**INSTRUCTIONS FOR THE TASK**: With the pictures left out, repeat every entry that follows exactly.

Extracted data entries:
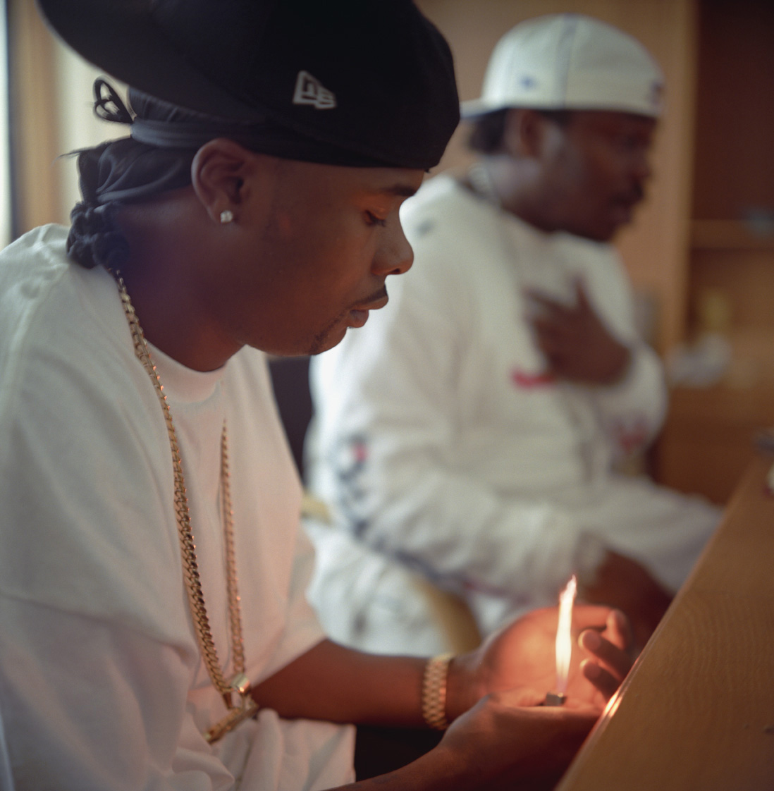 Memphis Bleek in Germany 2003
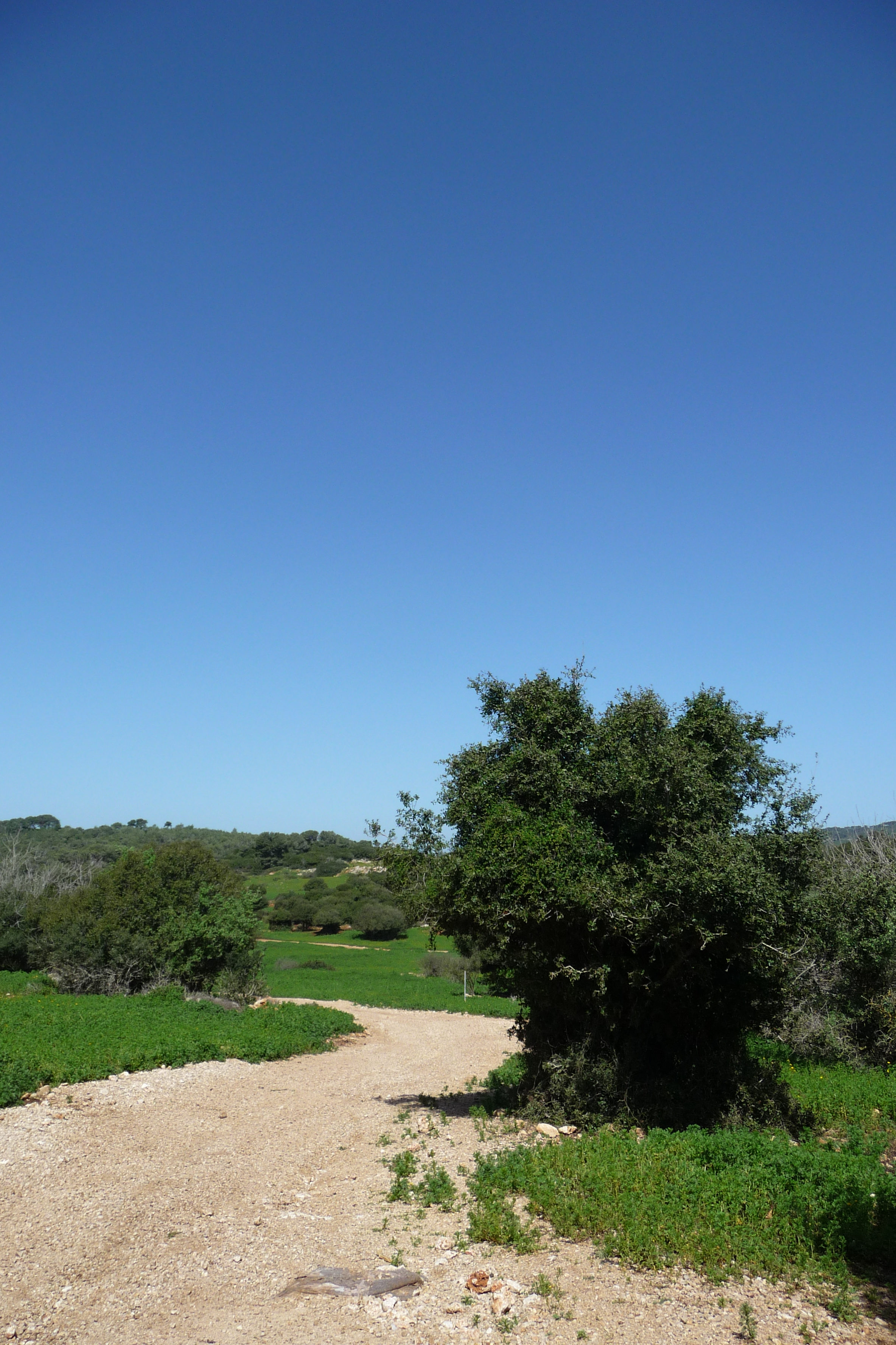 Beit Oren is a kibbutz in northern Israel. It falls under the jurisdiction of Hof HaCarmel Regional Council.
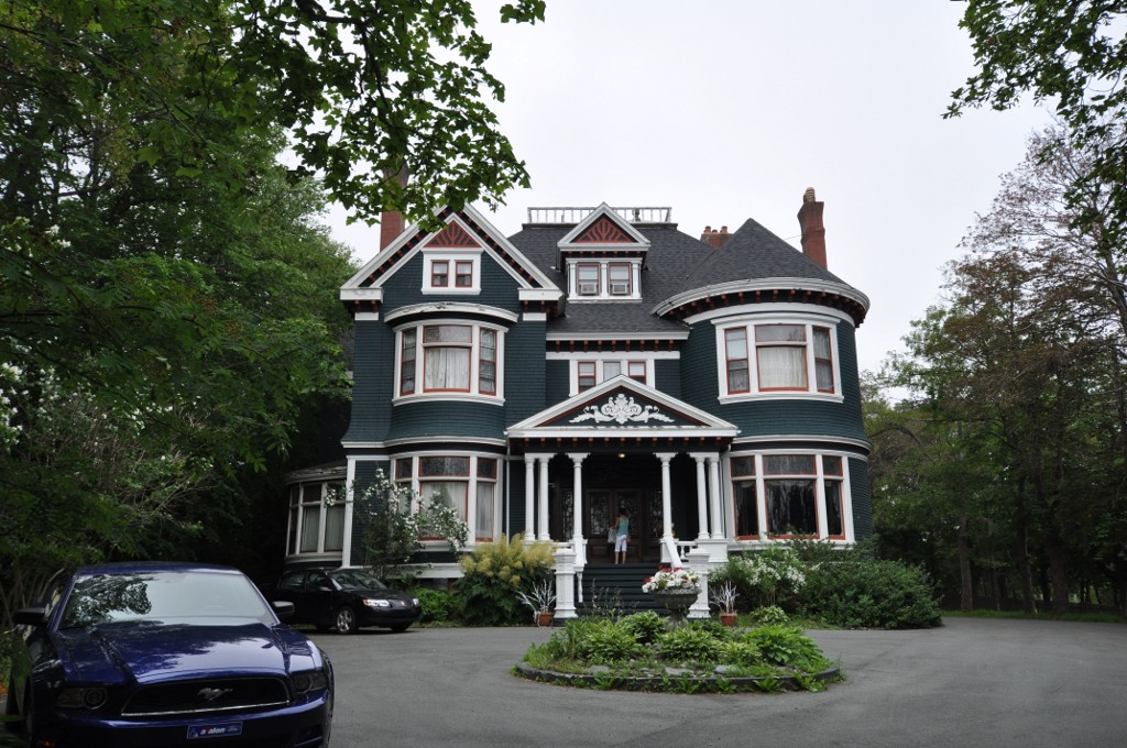 Winterholme National Historic Site of Canada, 79 Rennie's Mill Road, St. John's, Newfoundland.
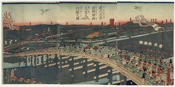 Shogun Minamoto no Yoritomo's procession to Kyoto at the founding of the Kamakura Shogunate -- woodblock print by Utagawa Sadahide, circa 1860
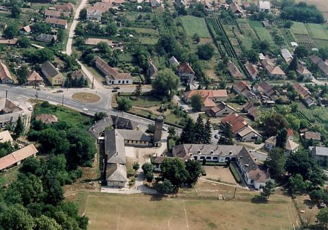 Vajta, Hungary, aerialphotgraphy

**RESPONSE TO THE TASK**:
 Memphis Bleek in Germany 2003
 Beit Oren is a kibbutz in northern Israel. It falls under the jurisdiction of Hof HaCarmel Regional Council.
 Winterholme National Historic Site of Canada, 79 Rennie's Mill Road, St. John's, Newfoundland.
 Shogun Minamoto no Yoritomo's procession to Kyoto at the founding of the Kamakura Shogunate -- woodblock print by Utagawa Sadahide, circa 1860
 Vajta, Hungary, aerialphotgraphy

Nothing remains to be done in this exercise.